[lbo-talk] Dewey on intelligence, co-operation, and class
Miles Jackson
cqmv at pdx.edu
Thu Oct 18 08:47:40 PDT 2007
ravi wrote:
> First the quote:
>
> To say that all past historic social progress has been the
> result of co-operation and not of conflict would be ... an
> exaggeration. But exaggeration against exaggeration, it is
> the more reasonable of the two. And it is no exaggeration
> to say that the measure of civilisation is the degree in
> which the method of co-operative intelligence replaces the
> method of brute conflict.
>
> Most who consider themselves leftists will probably neither disagree
> not find anything particularly novel in the above.

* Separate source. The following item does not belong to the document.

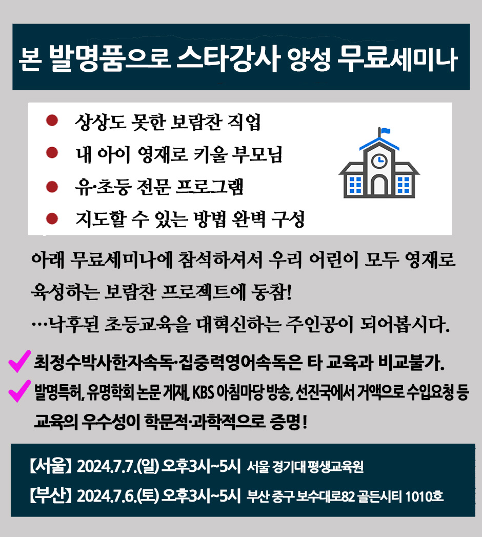 *한자 및 초등영어, 어차피 배워야 되는데 기존의 암기식보다 훨씬 능률적으로 학습되는 것만 해도 학생들에게 많은 도움이 되는데, 더 중요한 것은 좌뇌·우뇌가 계발되고 마음의 근육인 집중력이 강화되어 중·고·대학에서 모든 공부를 잘한다는 획기적인 프로그램을 발굴하여 유·초등생들 지도하면 자연적으로 스타강사가 되어 교육자로 크게 성공할 수 있다.
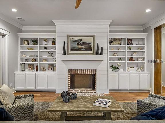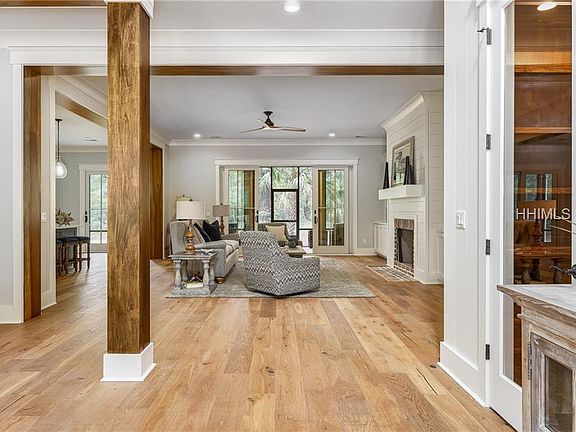 Rare opportunity to own this custom built home on Spring Island! A wonderful southern home with attention to detail. Located in the wonderful natural setting of Spring Island on the 13th hole of the Old Tabby Links. * Open floorplan with spacious great room & gourmet kitchen * Beautiful hardwood floors * Upgraded fixtures, finishes & appliances * Dedicated wine room, private office, media room * Master bedroom suite with his/hers walk-in closets & sitting room * Large second & third bedrooms, each with private baths * Rear screened porch & separate grilling patio * 2 car+golf cart garage * Hardi Plank siding, board & batten accents

I disagree wholeheartedly. The assumption that civilisation is
characterized by "co-operative intelligence" in contradistinction to the
brutal conflict in "noncivilized" societies is ethnocentric through and
through. Comparing social relations in hunting and gathering societies
and our "civilized" society, I'd flip the binary above: brutal conflict
is more prevalent in our "civilized" society and "cooperative
intelligence" is more prevalent in the hunting and gathering society.
Just to shoot fish in a barrel, no hunting and gathering society in the
history of the planet has accomplished as much carnage, destruction, and
human suffering as the U. S. military has in Iraq.